I sat in the waiting room, my foot tapping uncontrollably. I chewed on the inside of my cheek, trying not to dash to his room. Mom sat next to me, her hand rubbing my back.

Dull voices surrounded me and I felt like I was falling into another panic attack. I bit my lip hard, causing it to bleed. That was pretty much the only way that I could keep myself from a panic attack.

I felt as though Izuku was right in front of me and all I had to do was reach out. The room around me went dark and I could see him standing in front of me.

He was hooked up to an IV stand, only in a tshirt and shorts. His feet were bare and I could see the icy tile beneath his warm feet start to fog up. He had a sleepy smile on his beautiful face, eyes glowing.

I shook my head, knowing it was another hallucination and bit my tongue to wake up. But he didn't go away.

Warm arms wrapped around me, soft lips kissing my forehead. I gasped, being awoken from that trance of pain and regret. A flash of green hair caught my eye and I knew it was him. I quickly pulled him into a hug, pressing our bodies together.
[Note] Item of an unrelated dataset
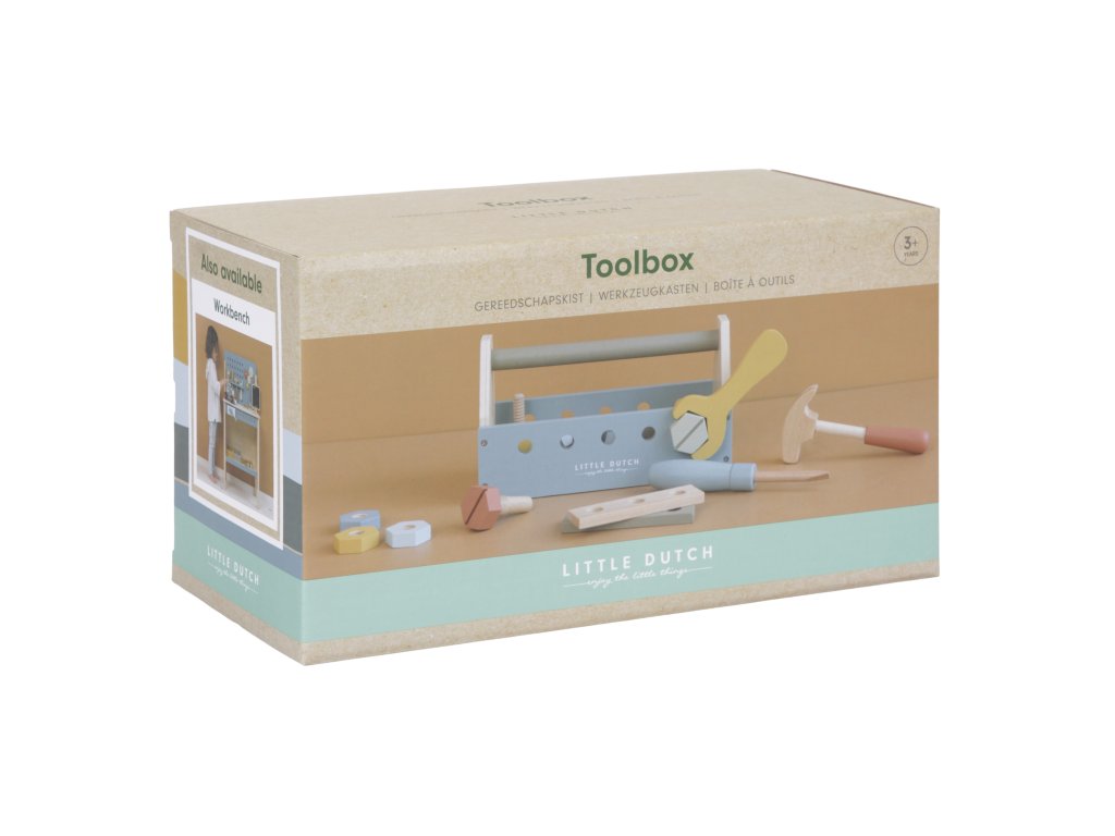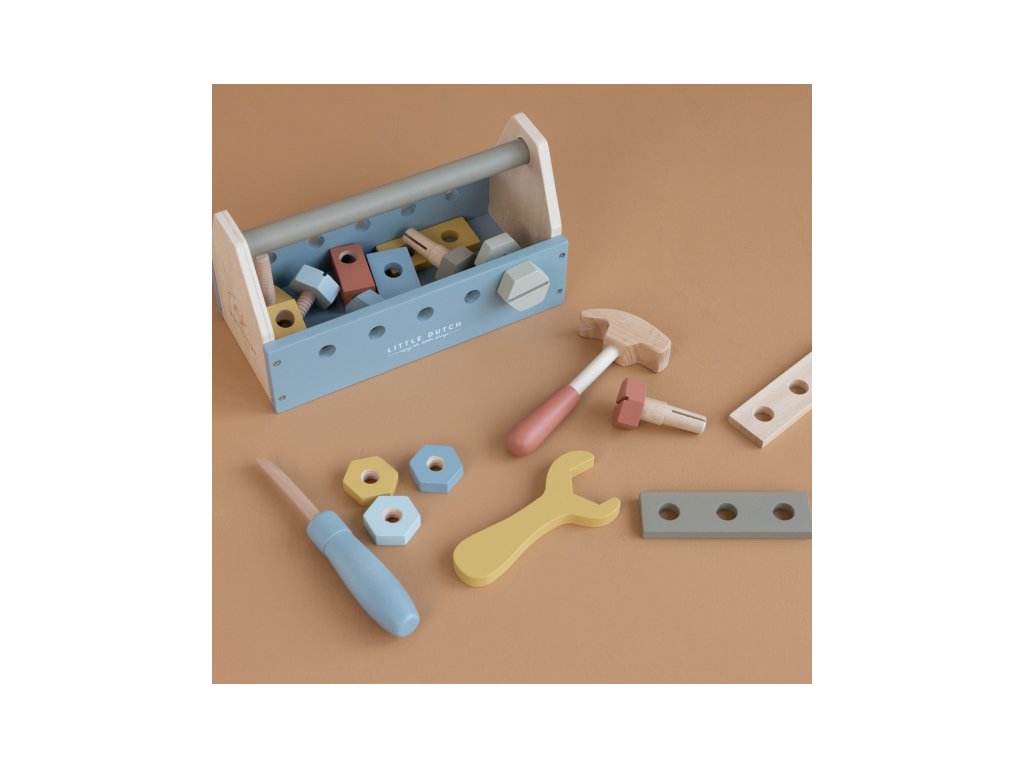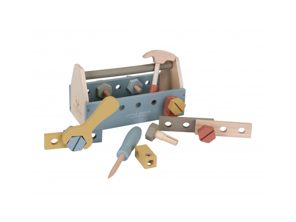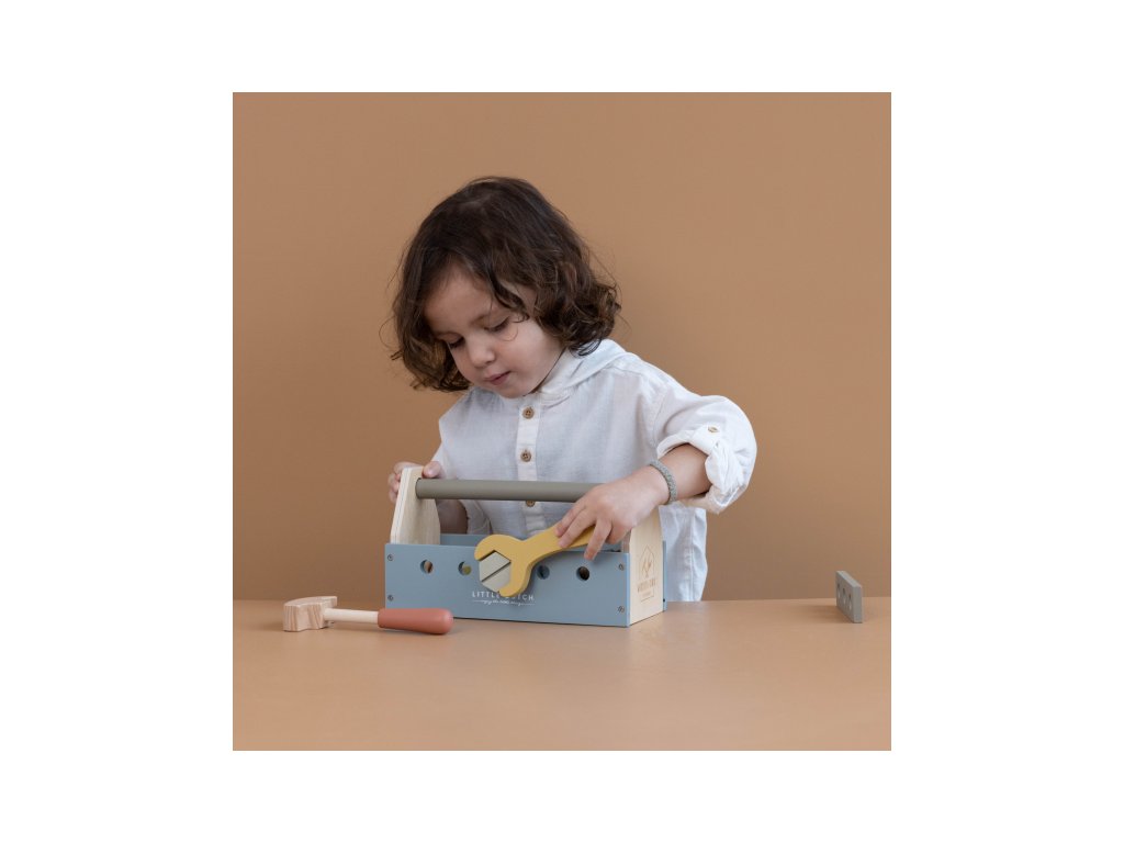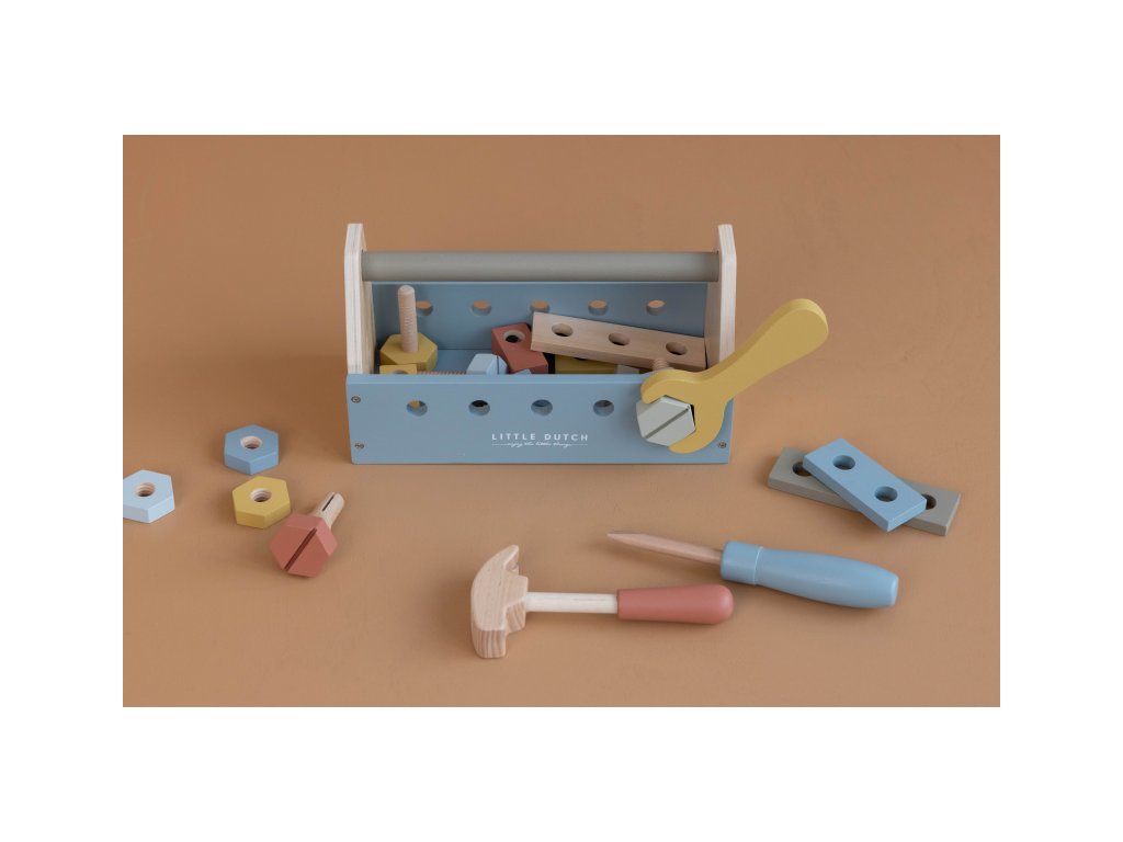S touto sadou dreveného náradia v praktickom prenosnom boxe zvládne vaše dieťa opraviť doma všetko, čo je potrebné. Po ruke bude mať skrutkovač, kladivko aj francúzsky kľúč. V boxe sú aj skrutky, matice a panely s otvormi na tréning zručnosti. Box na náradie môže slúžiť aj ako zatĺkačka.

I started to breathe heavily, repeating the words "Don't let go" in my head nonstop.

"Izuku....I love you. Please don't let me go." I felt tears burning in my eyes as I nestled my face in the crook of his neck. "I love you too, Katsuki. I have to explain everything to you."
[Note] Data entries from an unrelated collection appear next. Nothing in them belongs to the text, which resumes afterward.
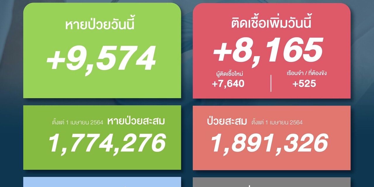 หายป่วยสะสม 1,774,276 ราย (ตั้งแต่ 1 เมษายน)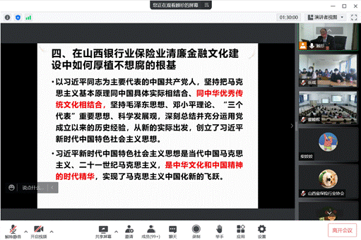 讲座第四部分,王相军副会长向我们讲解了在山西银行保险业清廉金融文化建设中要如何厚植不想腐的思想。首先,王相军副会长向我们介绍了清廉廉洁的本义,并结合时代要求丰富了清廉廉洁的内涵;接着从以下四个方面回答了怎样在山西银行保险业清廉金融文化建设中这一思想根基:第一、从中华民族的发祥地——黄河中下游根祖文化中汲取养分;第二、从山西古代廉吏文化中汲取坚守道义;第三、从晋商诚信文化中获得经商伦理;第四、从山西红色文化中赓续血脉。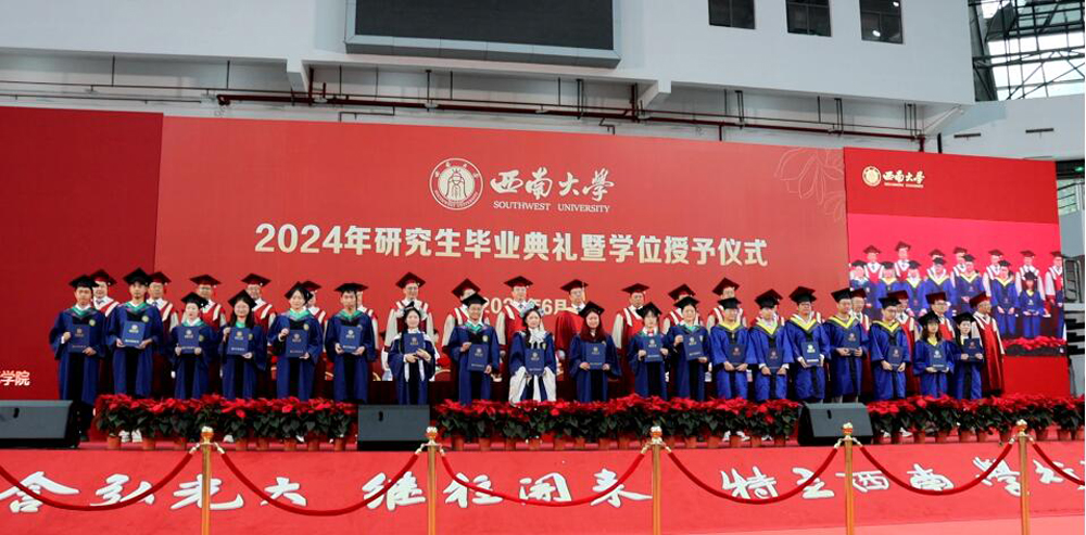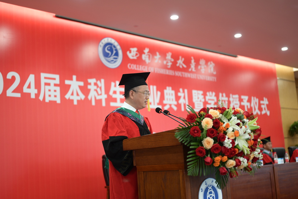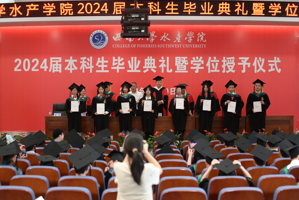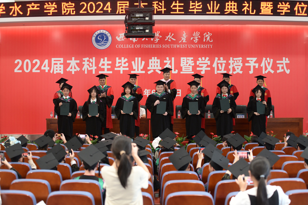 全体师生齐声合唱《必赢76net线路校歌》。“缙云苍苍,嘉陵泱泱,山高水长,养育栋梁”,在激昂的旋律中,必赢76net线路官网2024届本科生毕业典礼暨学位授予仪式圆满结束。承鸿鹄之志,踏追梦之途。毕业生们将带着“员工”的新身份奔赴五湖四海,投入到民族复兴的伟大征程,向幸福和成功的未来起航,拥抱属于西大水产人的灿烂星辰。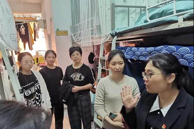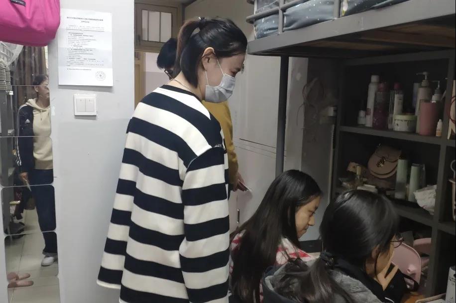 老师们的到来让同学们倍感温暖,走访中,每一位老师都认真查看学生宿舍卫生和用电安全情况,关怀学生日常生活情况,对可能存在的安全隐患进行检查和督导,加大安全隐患排查力度。同时,各位老师对卫生整体水平好、寝室文化突出的宿舍进行表扬。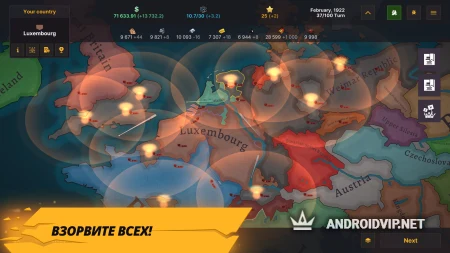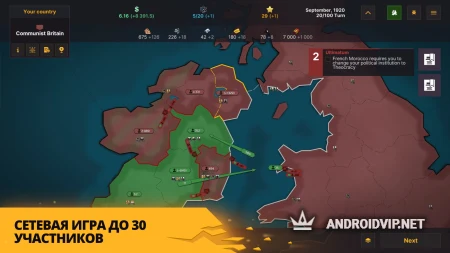 Война войной, а торговые отношения никто не отменял. Даже в кровопролитные времена вы можете обогатить свои карманы при помощи торговли, влиять на стоимость сырья и даже вводить экономические санкции. Военная составляющая игры выполнена на высшем уровне. Можно использовать как обычную пехоту, так и применять ядерное вооружение. Битвы проходят не только на суше, но и в воздухе, а также в море, где под контролем игроков окажутся крейсеры, авианосцы и линкоры. Защищайте интересы своей страны, атакуйте врагов и выбирайте собственный политический курс.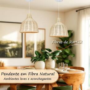 - Cor: Fio/canopla: Branco Difusor: Ratan Natural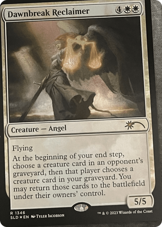 Flying At the beginning of your end step, choose a creature card in an opponent's graveyard, then that player chooses a creature card in your graveyard. You may return those cards to the battlefield under their owners' control.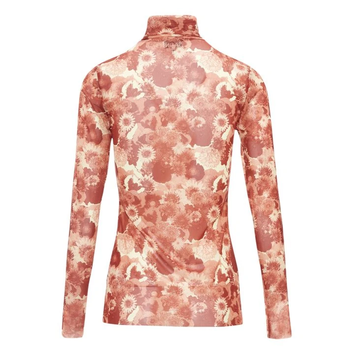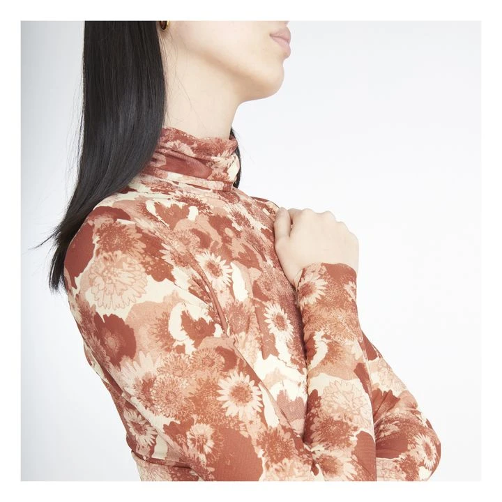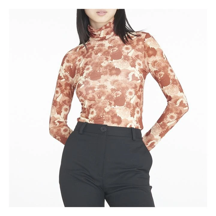 Ganni Roll Neck Floral T-shirt | Terracotta
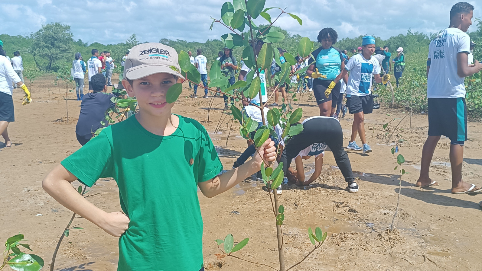 “Mangue é vida. Então, o impacto é positivo. Uma muda dessa, por exemplo, tem mais de 1,65 metros. É maior do que eu. No ato do plantio já tem um grande efeito para o ambiente, a natureza e para as espécies que estão no local. Além de trazer a recuperação ambiental, essas plantas vão proporcionar as pessoas o contemplar da beleza do manguezal”,

I nodded, but said, "Can it wait a few minutes?" He nodded gently and I drew in a shaky breath.

He was back in my arms, alive and well. The cold hole in my chest was now filled again and I could truly feel. I could feel the hurt, the love, the good and the bad.

I suddenly understood the ache that burned in my chest at night. The need for a closeness only he could fix.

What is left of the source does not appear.